Maurer zeigte sich – wie bei seinen Ansprachen an anderen Orten – besorgt, dass die Schweiz von grossen Staaten und internationalen Organisationen unter Druck gesetzt werde.«Die Grossen erteilen uns Befehle.»

Der SVP-Bundesrat nahm Bezug auf den Bundesbrief von 1291. Schon dort stehe, «dass wir keine fremden Richter wollen».

Maurer dürfte damit auf die Diskussionen um die Beziehungen zur EU anspielen. Zuletzt war der Bundesrat bereit, dem Europäischen Gerichtshof eine stärkere Rolle bei der Auslegung von EU-Recht in der Schweiz einzuräumen.

Ins gleiche Horn stiess SVP-Präsident Toni Brunner in Wald im Zürcher Oberland. Die Eigenständigkeit und die Grundwerte der direkten Demokratie seien bedroht. Der Bundesrat strebe eine «Annäherung an die EU und deren Gerichtshöfe» an.

«Der Kampf um die Souveränität unseres Landes, der 1291 seinen Anfang nahm, hat wieder an Aktualität gewonnen», sagte Brunner gemäss Redemanuskript. «Wir müssen um unsere Freiheitsrechte kämpfen».

Darbellay greift Burkhalter an

Auch andere Parteipräsidenten gaben sich angriffig.
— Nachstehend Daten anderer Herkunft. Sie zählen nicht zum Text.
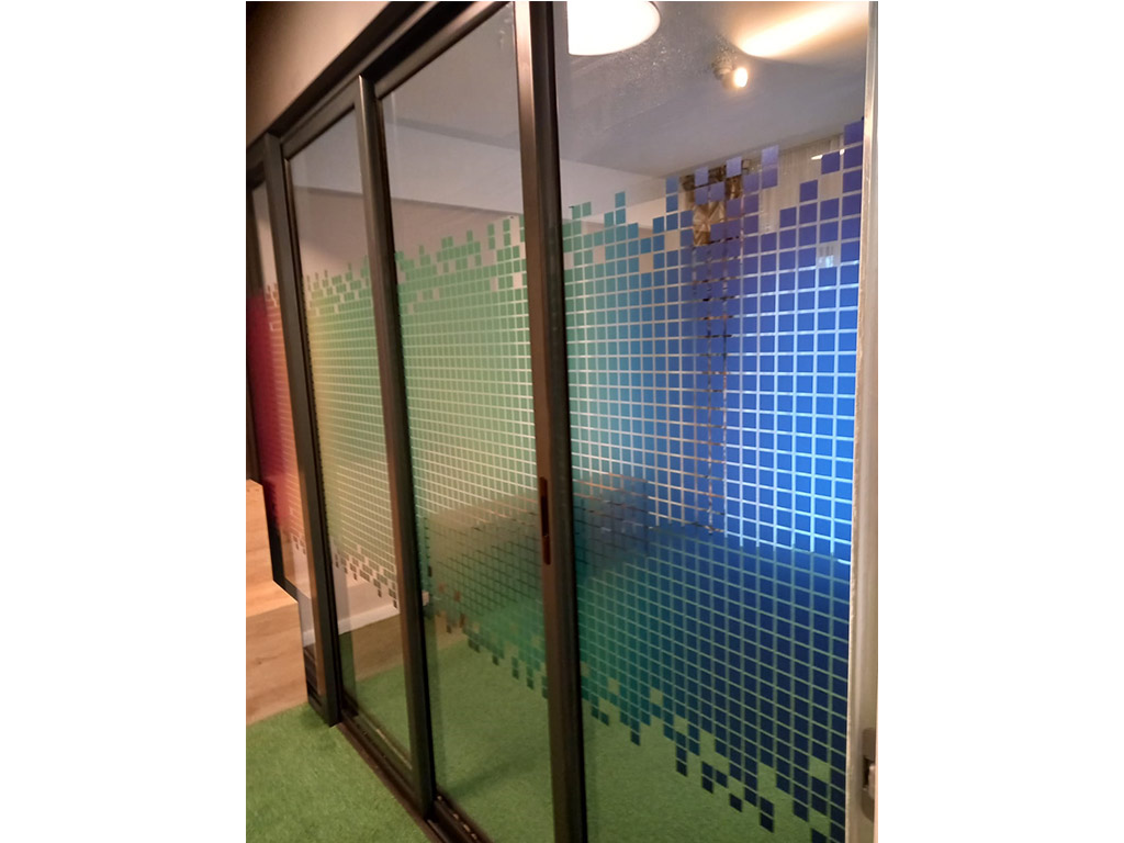 Folia de sablare Spectrum cu model geometric colorat este ideală pentru suprafeţele vitrate din clădirile de birouri. Este disponibilă la rolă cu dimensiuni de 98 cm ( lăţime ) şi 3 metri ( lungime ).

CVP-Präsident Christophe Darbellay schimpfte am Mittwoch in Saas-Balen VS Aussenminister Didier Burkhalter einen «Nachgeber-Minister» gegenüber der EU.

SP-Präsident Christian Levrat sagte in einer Videobotschaft, Schweizerinnen und Schweizer hätten viele Gründe, stolz zu sein. Widerstand gegen fremde Mächte, das Bankgeheimnis und der Rütlischwur gehörten jedoch nicht dazu.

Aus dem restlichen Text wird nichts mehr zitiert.